Nature Matters
Size Isn’t Everything

Size Isn’t Everything

We have plenty of open space in Canada but are we leaving enough for its smallest inhabitants?

As residents of the world’s second largest country, we tend to think big in Canada. Perhaps that is why, according to a 2017 survey released by the Organisation for Economic Co-operation and Development, we have more space in our homes per person than residents of other member nations.

Similarly, another 2017 study, published by The Globe and Mail, showed that the average size of a Canadian house is almost 2,000 square feet. Only Americans and Australians build bigger. British houses, by contrast, have a footprint of around 700 square feet. Yet, on average, they have the same number of occupants as Canadian homes do.

But is there a downside to upsizing what we live in? It stands to reason that every square foot of space we add to foundations takes away more land, and every extra tree we fell for longer walls further depletes our forests. What is not so visible is the large impact we could be having on some of nature’s smallest organisms.

Butterflies are a prime example. Their delicate beauty is something we take for granted in our gardens every summer. Nonetheless, at least two species have gone extinct in BC in the last century and several others are now rare as a result of habitat loss. Indeed, the BC Government estimates that hundreds of the province’s insect species are currently at risk partly because we keep building subdivisions where they live.

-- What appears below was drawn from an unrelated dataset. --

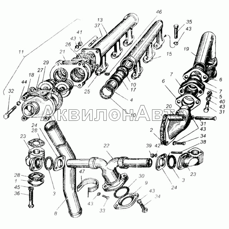 | 15 | 240-1303108-Б | Труба водяная задняя правая в сборе | |

Moreover, it is not just tiny animals that lose out when we use more space than we need to. Several mosses, some of which can only be seen through a magnifying glass, are threatened because they’ve lost habitat where BC communities have expanded onto floodplains and around lakes. Meanwhile, reindeer lichen is threatened in northern regions by climate change that is potentially hastened because we’re burning more fossil fuels to heat bigger rooms. That is bad news for Canada’s declining caribou herds as lichen is their main winter food.

Hundreds of other small species in BC and elsewhere could disappear virtually unnoticed, too, if we continue to live large. That doesn’t mean we have to squeeze into our homes. When it comes to nature, though, little plants and animals prop up the food chain and also contribute to our health and happiness in other ways. Even though we live in a huge country, therefore, we should remember that good things also come in small packages.